3.4. Phylogenetic and Recombination Analyses

The complete genome sequences of four DCMV isolates containing DCMV-IN in this work, and other 13 representative caulimoviruses, were subjected to phylogenetic analysis. In the constructed phylogenetic ML tree (Figure 2), the four DCMV isolates (DCMV-IN, DCMV-BJ, DCMV-NZ and DCMV-JP) were clearly clustered in a single branch. The cluster of DCMV formed a clade together with DMV, mirabilis mosaic virus (MMV) and figwort mosaic virus (FMV), and DCMV was closest to DMV. The phylogenetic tree based on complete genomes in this work showed a similar topology with those based on ORF II, ORF III, ORF IV and ORF VI [4,9]. No putative recombination event was identified from the genome of the four DCMV isolates.

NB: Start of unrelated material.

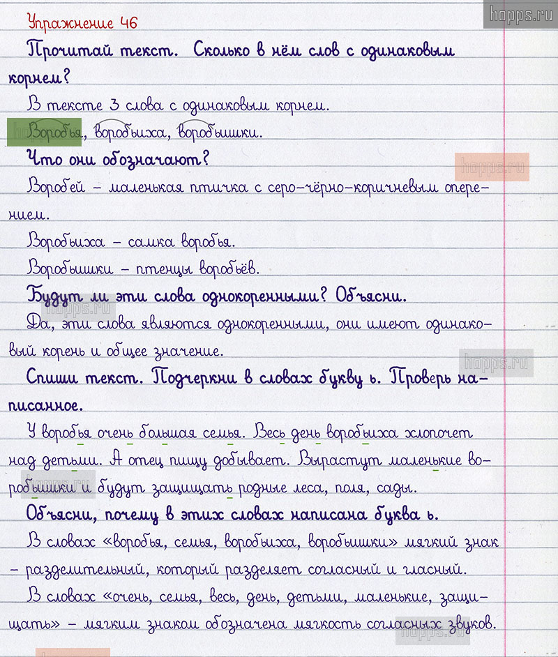 Подробные ответы к 46 заданию учебника по русскому языку авторов Р.Н. Бунеев, Е.В. Бунеева, О.В. Пронина для учащихся 1 класса. §6. Повторяем корень слова.

Both the results of pairwise alignment and phylogenetic analysis showed that the reported DCMV isolates around the world had low genetic diversity, suggesting that asexual propagation of dahlia plants by vegetative tuberous roots may be the main route of DCMV transmission. This work not only provides a background for an in-depth study on the epidemic and evolution of DCMV, but also highlights the necessity of virus detection in propagating materials for prevention and control of dahlia mosaic disease.